4Q17 revenues came in at €55.4mn (-1.4%y/y). Turnover in the TV segment was flat y/y in 4Q17 at €42.6mn (-1.6%y/y in FY17), mainly due to lower multimedia revenues y/y. TV advertising revenues rose 2.7%y/y in 4Q17 to €28.7mn, or +3.7%y/y in FY17, higher than the advertising television market, reflecting the performance of the generalist channel, the increase in the thematic channels, the performance of digital revenues and the revenues from the celebrations of SIC’s 25th anniversary. Subscription revenues fell 1.7%y/y to €10.7mn in 4Q17 (-0.8%y/y in FY17, with international revenues hit by the devaluation of the USD), while multimedia revenues fell 39.1%y/y to €1.7mn (-41.3%y/y in FY17).

In the press segment, total revenues fell by 7.4%y/y to €12.1mn in 4Q17 (-4.7%y/y in FY17), with advertising revenues down by 3.6%y/y to €6.1mn (-3.2%y/y in FY17). Circulation revenues posted a 4.6%y/y decline in 4Q17 to €5.4mn, or -0.5%y/y in FY17, despite the update of cover prices for most publications and growth from subscription income, mainly in digital subscriptions. Advertising revenues in digital sales rose 11.4%y/y in FY17, and reached nearly 19% of all advertising revenues.

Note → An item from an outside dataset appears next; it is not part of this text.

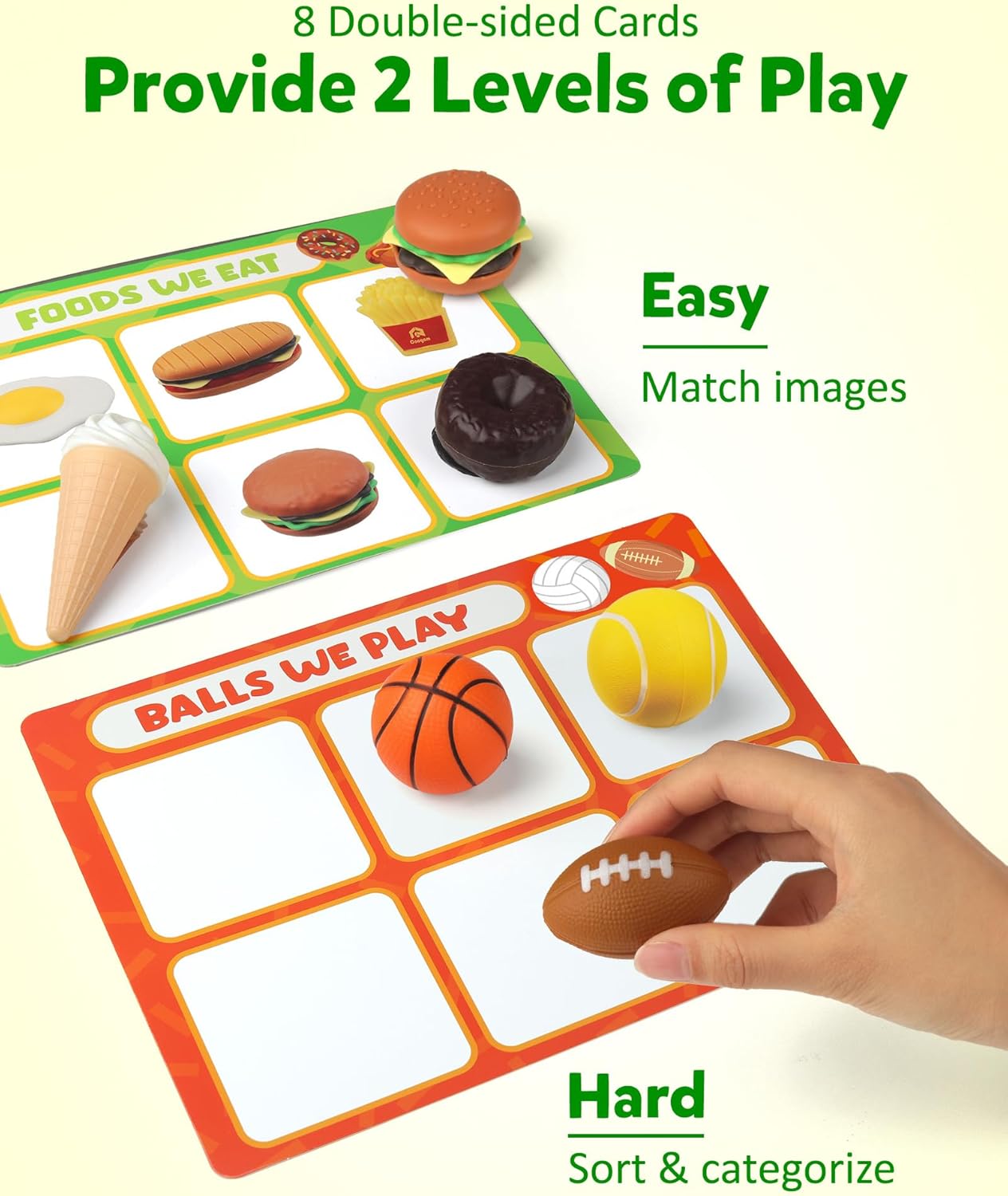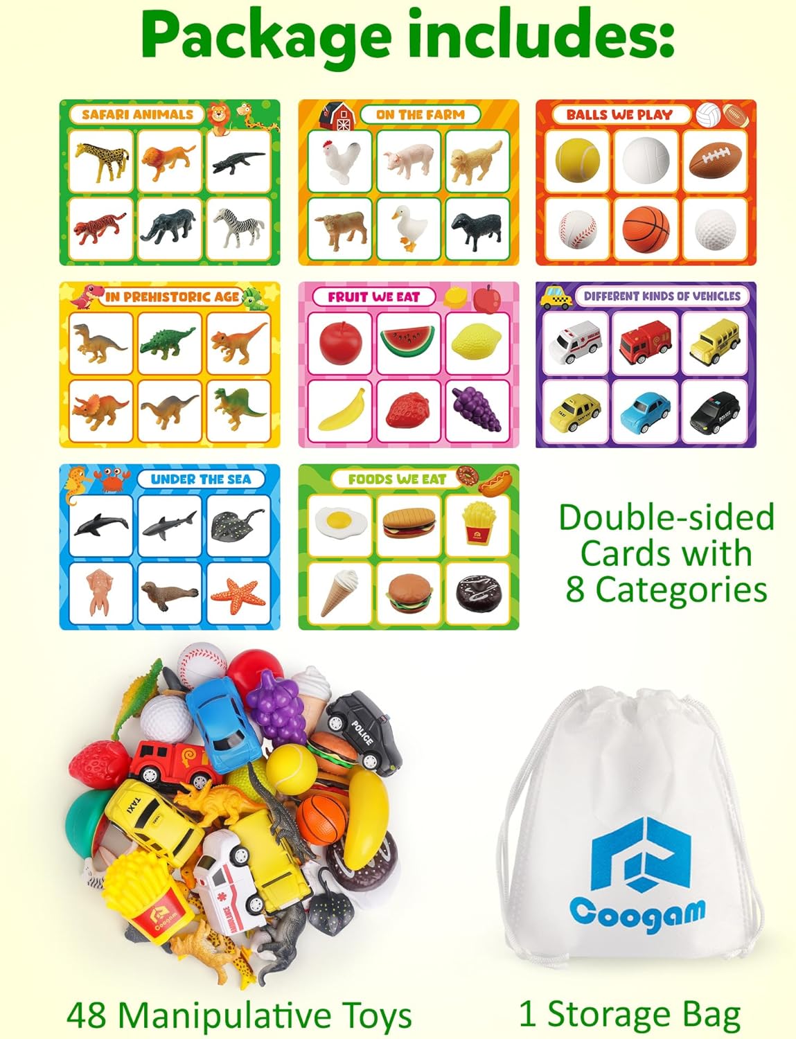 Les cartes d’activité incluses transforment chaque session de jeu en une expérience éducative enrichissante. Les enfants apprennent à trier, classer et identifier les objets selon leurs caractéristiques spécifiques, ce qui développe leur capacité cognitive et leur logique. En plus de favoriser la motricité fine, ce jeu aide également à affiner les compétences de résolution de problèmes tout en maintenant l’intérêt des enfants grâce à son approche ludique et engageante.

Adjusted EBITDA margin reached 15.9% in 4Q17 (vs. +15.0% in 4Q16), reflecting higher adjusted margins during the quarter in the Television division (19.8% in 4Q17 vs. 18.0% in 4Q16) and lower adjusted margins in the Publishing division (8.8% in 4Q17 vs. 11.0% in 4Q16).

The opex level rose by 1.6%y/y to €50.2mn in 4Q17 (-1.3%y/y in FY17), or -2.5%y/y after adjusting by restructuring costs (-2.8%y/y in FY17), reflecting the group’s strategy of reducing operating costs.

Impresa reported net debt & financial leases of €178.4mn as of Dec 17 vs. €192.7mn recorded in 3Q17 (-€14.3mn q/q or -€4.8mn y/y), 9.3x last 12 months adjusted EBITDA.